B&C approaches are not new. They have long supported clean fuels and renewable energy development through mechanisms such as renewable energy certificates (RECs) in electricity markets, renewable identification numbers (RINs) under EPA’s Renewable Fuels Standard, and low carbon fuel standard (LCFS) credits under LCFS state programs. These programs demonstrate how B&C systems scale low-carbon markets by efficiently mobilizing investments while tracking credible environmental benefits.
Clean Fuels and SAF
B&C mechanisms are gaining momentum in voluntary clean fuels markets, particularly for SAF. SAF supply remains constrained by a variety of practical and economic factors, including feedstock availability and production costs, while aviation demand is global, making B&C a practical bridge between near‑term demand and longer‑term infrastructure build‑out. Similar concepts are emerging for other emissions‑intensive and supply‑constrained sectors, including fertilizers, cement, steel, and chemicals, as companies seek scalable tools to address Scope 3 emissions and value‑chain decarbonization commitments and investments.

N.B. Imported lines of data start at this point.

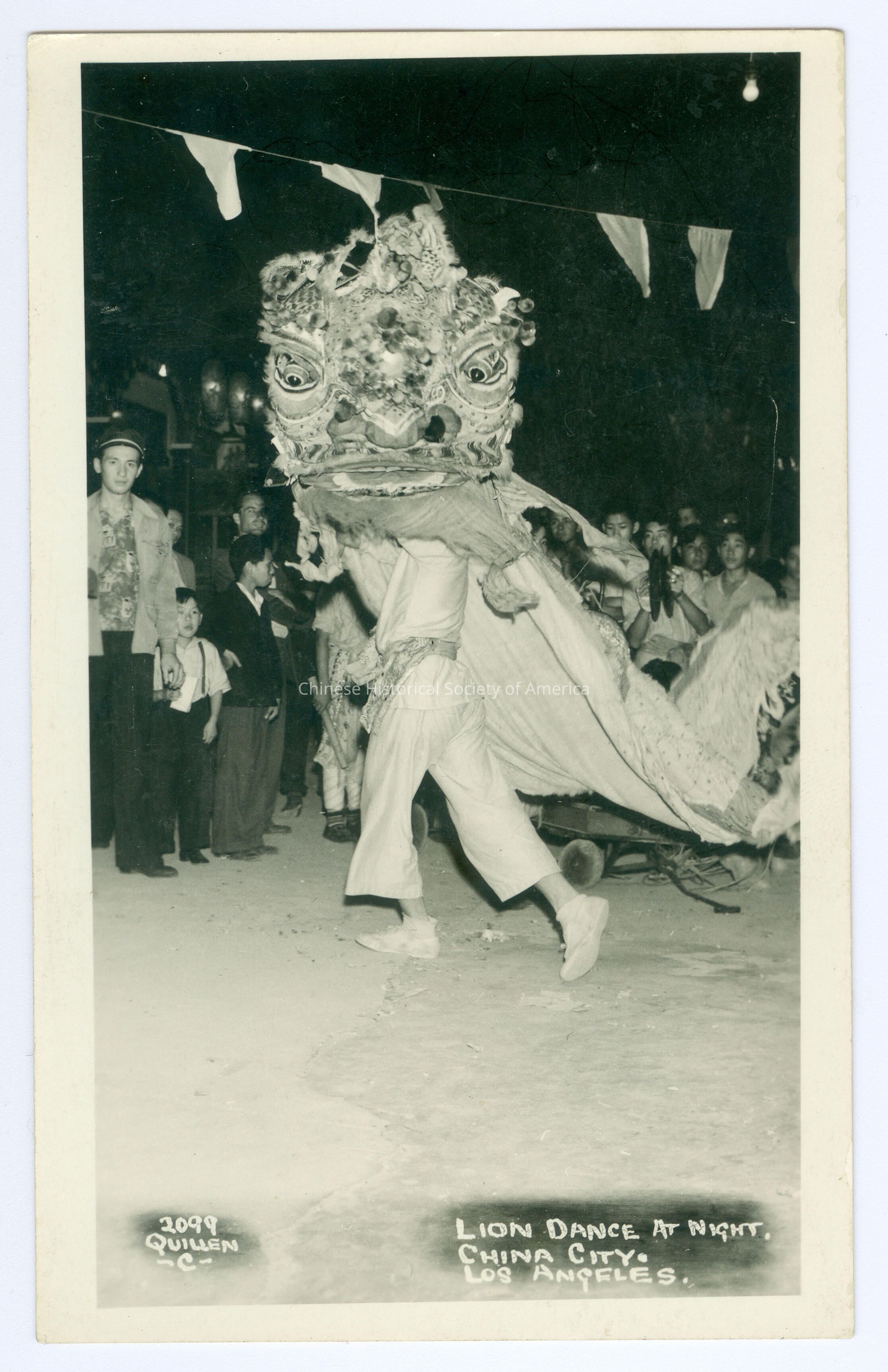 Front: Caption: "Lion Dance At Night China City. Los Angeles." "2099 Quillen-C-." Back: Old Accession #: EFG
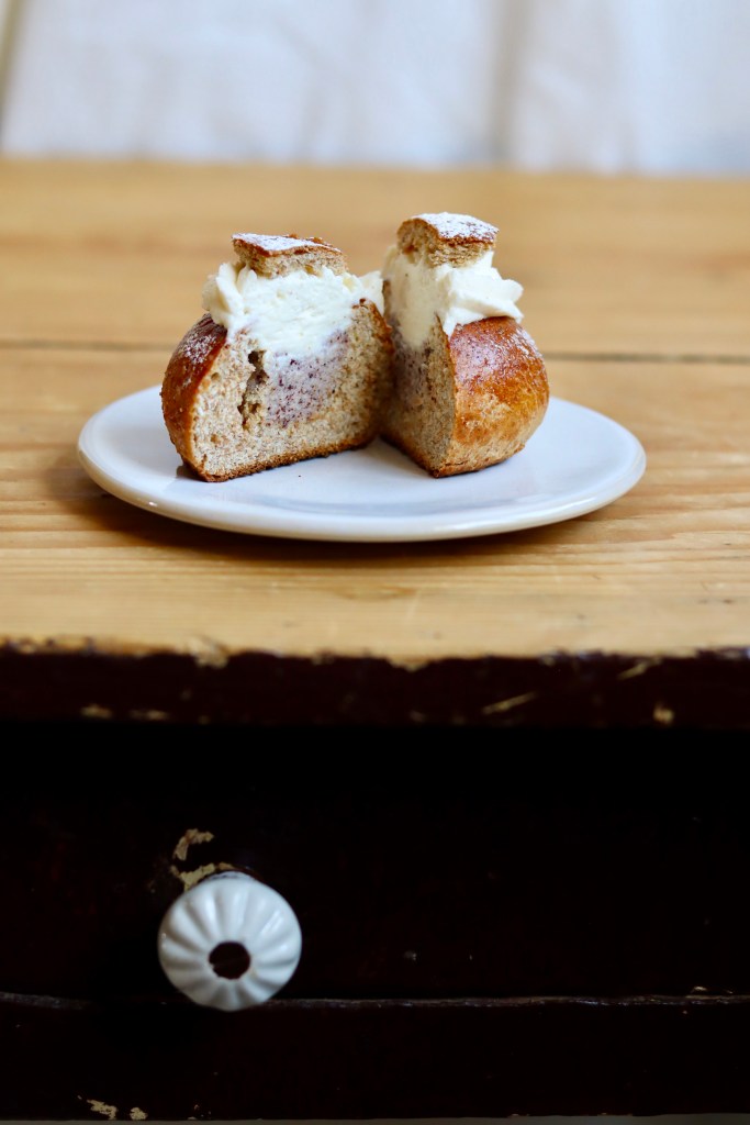 Őrült rég terveztem már semlort sütni, mert annyira elképesztően finomnak tűnt a képeken, és nem csak tűnik, hanem az is! Hagyományos svéd édes péksütemény, egy kelt tészta, aminek a belsejét kivájjuk, ide kerül egy tömény mogyorós, bár eredetileg mandulás töltelék, a tetejére ízesített habtejszínt nyomunk, kalapját porcukorral szórjuk. Maga a csoda. Teljes kiőrlésű liszttel készítettem. A receptet a Bonamival közös együttműködéshez álmodtam meg, csodás tányérjait, textíliáit láthatjátok a képeken. Összesen 3 receptet készítettem, ezeket mind a blogon, mind a Bonami oldalán megtaláljátok.
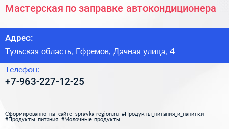 Мастерская по заправке автокондиционера по адресу Тульская область, Ефремов, Дачная улица, 4 в дальнейшем Организация, размещена в следующих категориях:
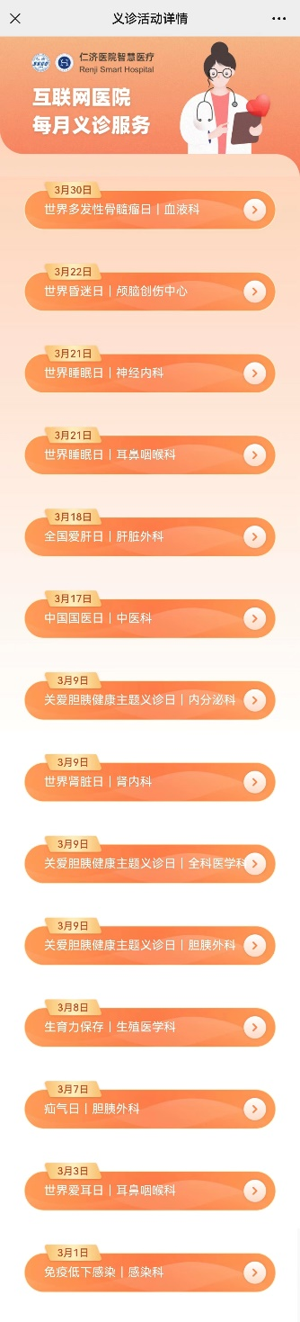 进入【互联网医院】-【每月义诊服务】版块,您足不出户就可以找到当日义诊专家,获得就诊咨询、配药到家和随访等服务
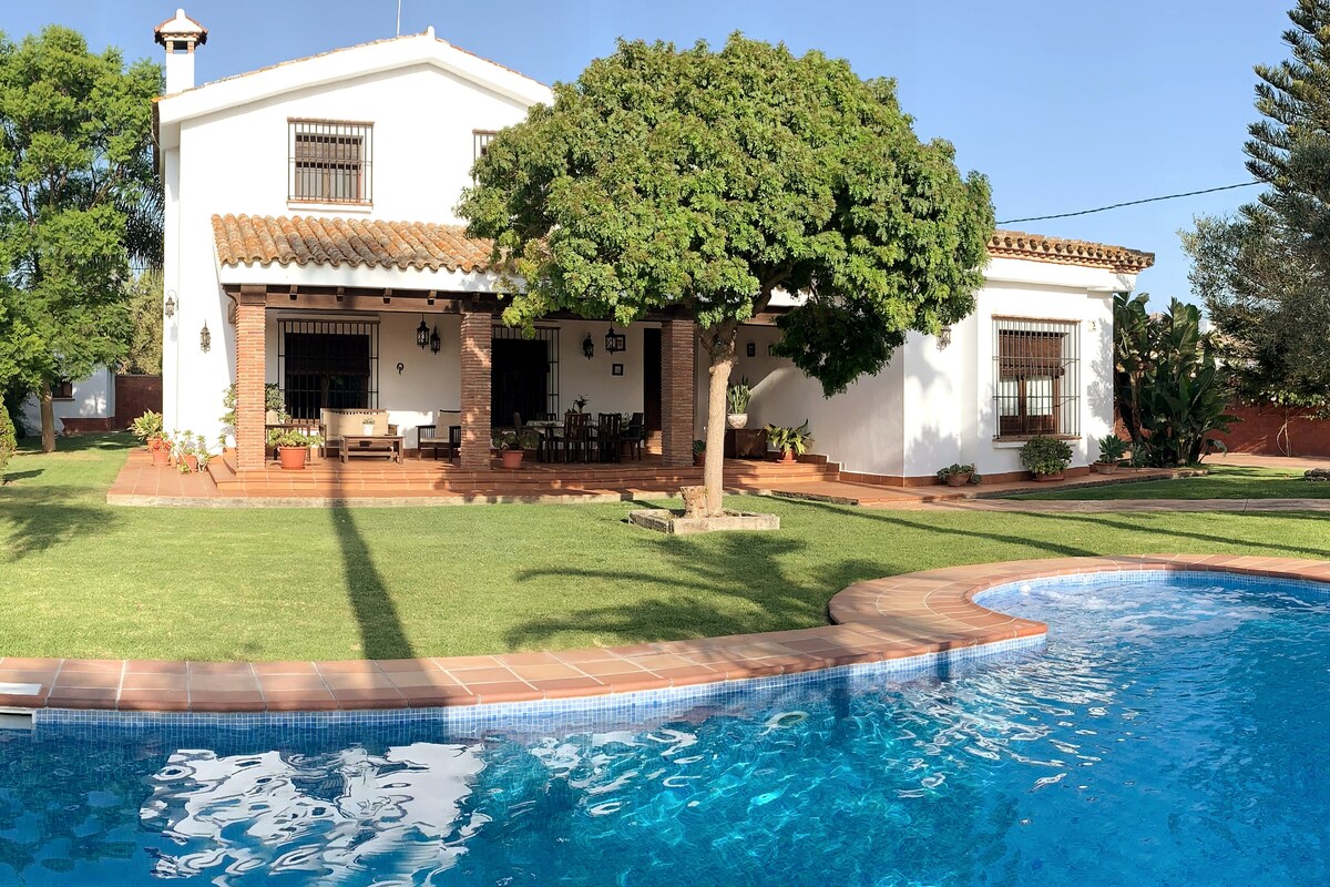 Villa de lujo independiente con sello de calidad "Excelencia Turística Andaluza" para 13 personas, con piscina privada, zona barbacoa, grandes jardines, parking dentro de la vivienda, mesa de billar, ideal para familias con niños, a 5 minutos en coche de la playa, a 5 minutos del centro para tapear, y a 15 minutos campo de golf. Se aceptan mascotas. Número de registro de alquiler asociado al ESFCTU0000110100002432040000000000000000VFT/CA/106140.
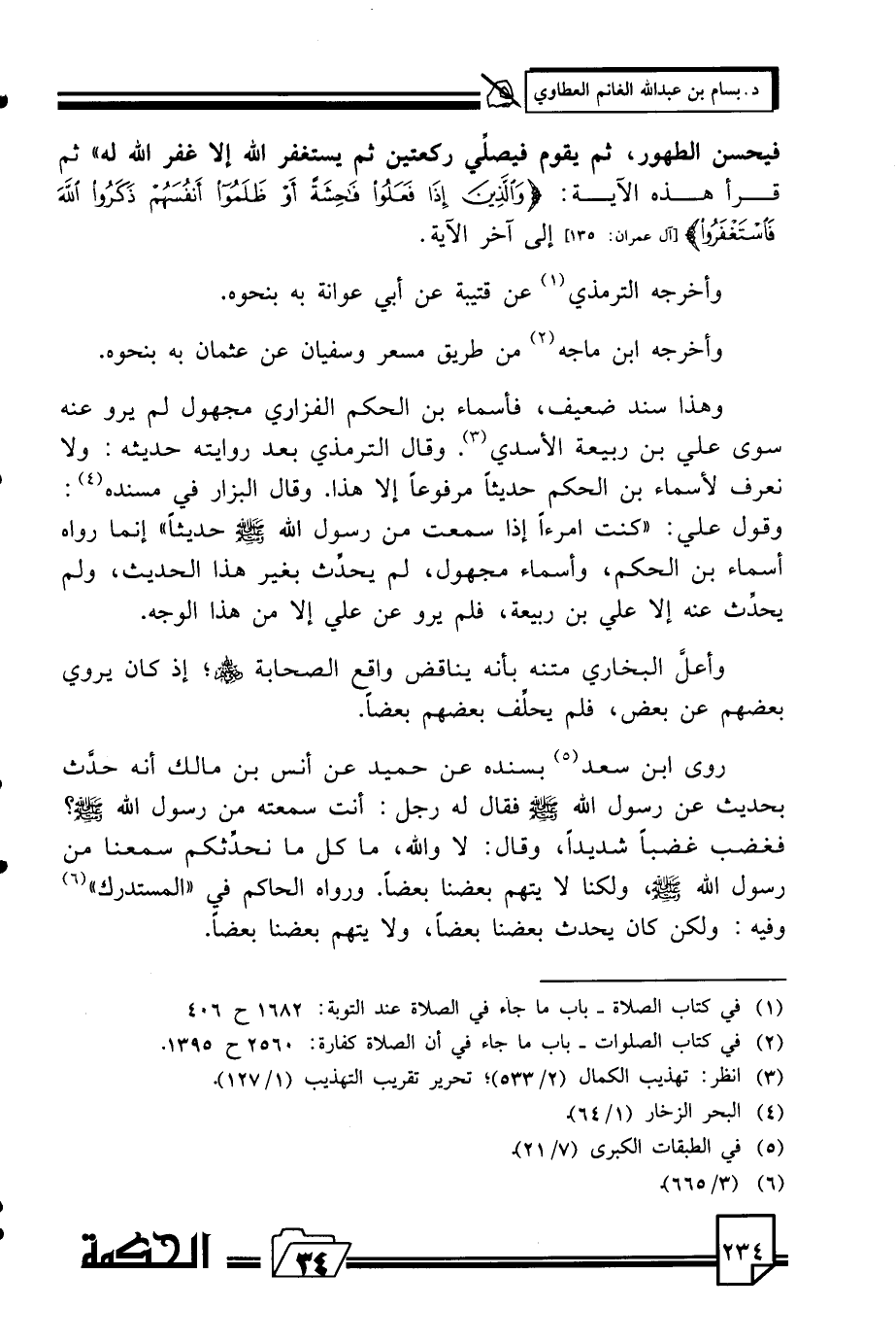 فيحسن الطهور، ثم يقوم فيصلّي ركعتين ثم يستغفر الله إلا غفر الله له» ثم قرأ هذه الآية: {وَالَّذِينَ إِذَا فَعَلُوا فَاحِشَةً أَوْ ظَلَمُوا أَنْفُسَهُمْ ذَكَرُوا اللَّهَ فَاسْتَغْفَرُوا} [آل عمران: 135] إلي آخر الآية.
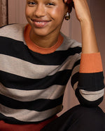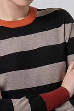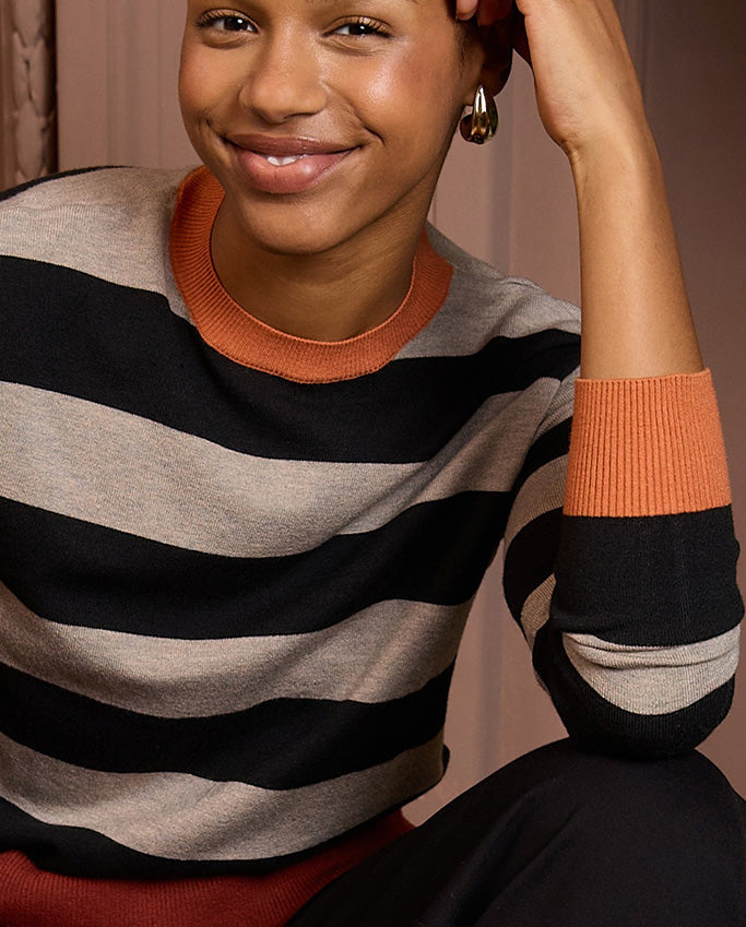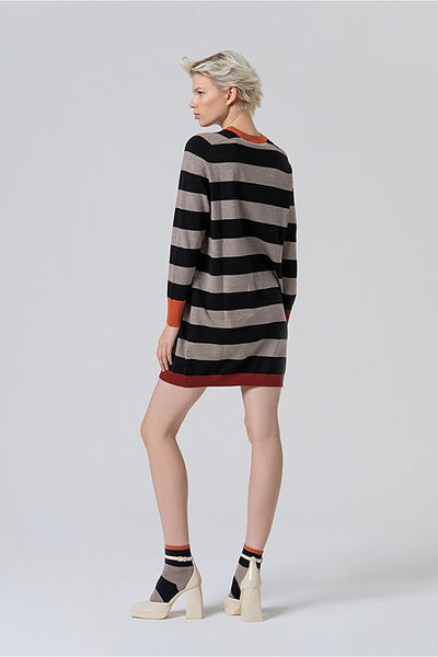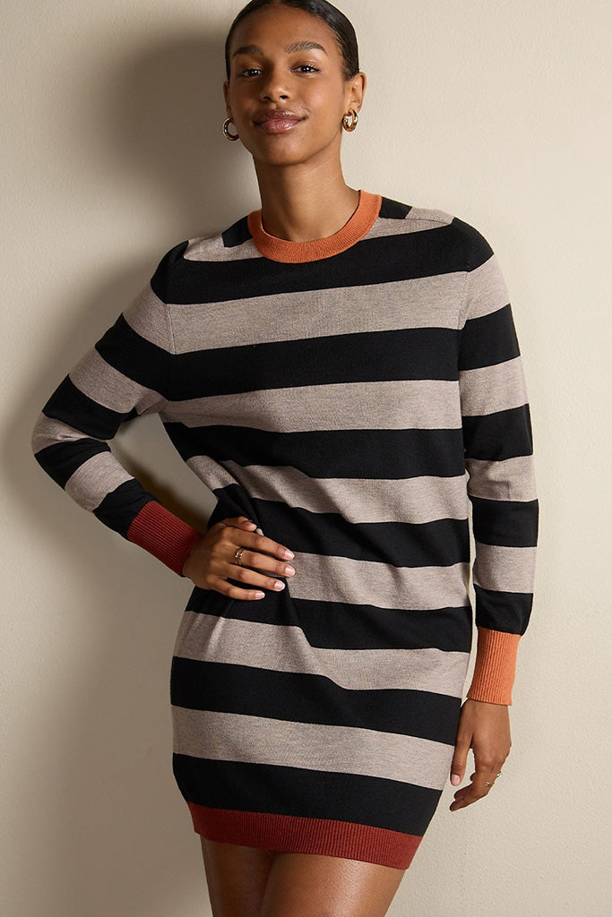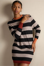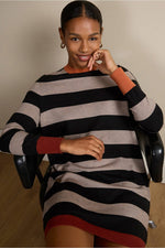 Vestido de punto a rayas de estilo moderno, con corte recto y manga larga. Su tejido suave y elástico lo hace increíblemente cómodo y favorecedor. El diseño a rayas bicolor con bloques en contraste le da un aire actual. Este vestido será tu favorito.
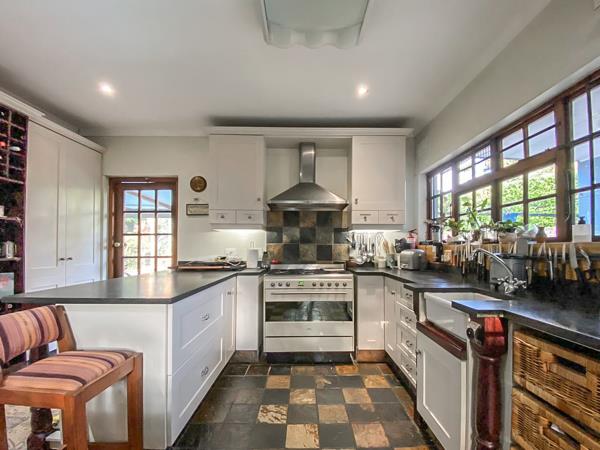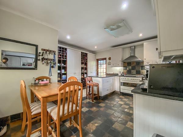 The layout is incredibly practical. The main house offers a true sense of home with three comfortable bedrooms, a home office, and two inviting lounges, each with its own fireplace for those chilly Midlands evenings. Step out onto the balcony from either lounge and take in peaceful views of the lush garden below, perfect for a morning coffee or winding down at sunset. The heart of the home is a charming cottage-style kitchen that opens to a generous scullery and flows effortlessly out to the pool and entertainment area. Its made for easy living and memorable get-togethers.
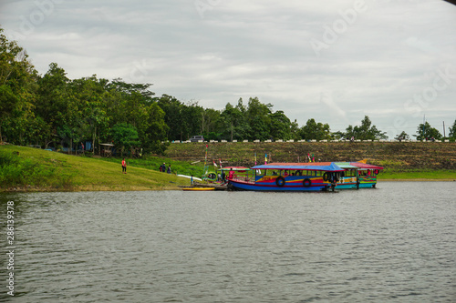 Fototapeta premium Kebumen, Central Java, Indonesia (12/30/2018) : Boat Tour in Sempor Dam
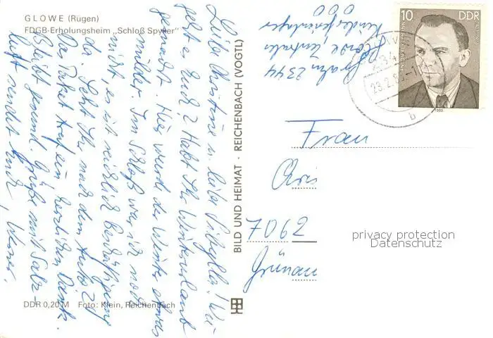 73865209 Glowe_Ruegen FDGB Erholungsheim Schloss Spyker Glowe Ruegen postalisch gelaufen 1986 Erhaltung siehe scans [WerneD78] [WernPID7 ]

The expansion of B&C systems is occurring alongside the rapid development of voluntary standards and accounting frameworks. ISO 22095 provides guidance on chain‑of‑custody models that often underpin B&C systems, while the GHG Protocol and SBTi increasingly shape how companies evaluate and report the use of market‑based instruments. Of particular note, the GHG Protocol AMI Standard is expected to provide greater clarity on how B&C and similar market-based entities are also collaborating to align GHG emissions accounting to ensure consistency across the market.
Key Considerations
As B&C markets mature, legal considerations play an increasingly central role. Participants must carefully define the environmental and GHG attributes being created and transferred, ensure exclusivity where appropriate, avoid double-counting, and evaluate how B&C transactions interact with federal and state incentive programs such as tax credits, grants, state LCFS programs, and federal renewable fuel standards. Additionality—which requires a causal link between claimed emissions reductions and the action underlying the claims—is another core concept gaining increasing attention within B&C systems, with a focus on when and how it should be applied. Finally, green marketing approaches must be thoughtfully developed with an awareness of the variety and particularity of sustainability approaches and updated over time to stay current with ever-evolving best practices.
Book-and-claim or similar environmental commodities contracts should align with evolving standards and disclosure expectations, address verification and registry risks, allocate liability through appropriate indemnities, and support defensible public claims amid heightened scrutiny of environmental marketing and reporting.
The content of this article is intended to provide a general guide to the subject matter. Specialist advice should be sought about your specific circumstances.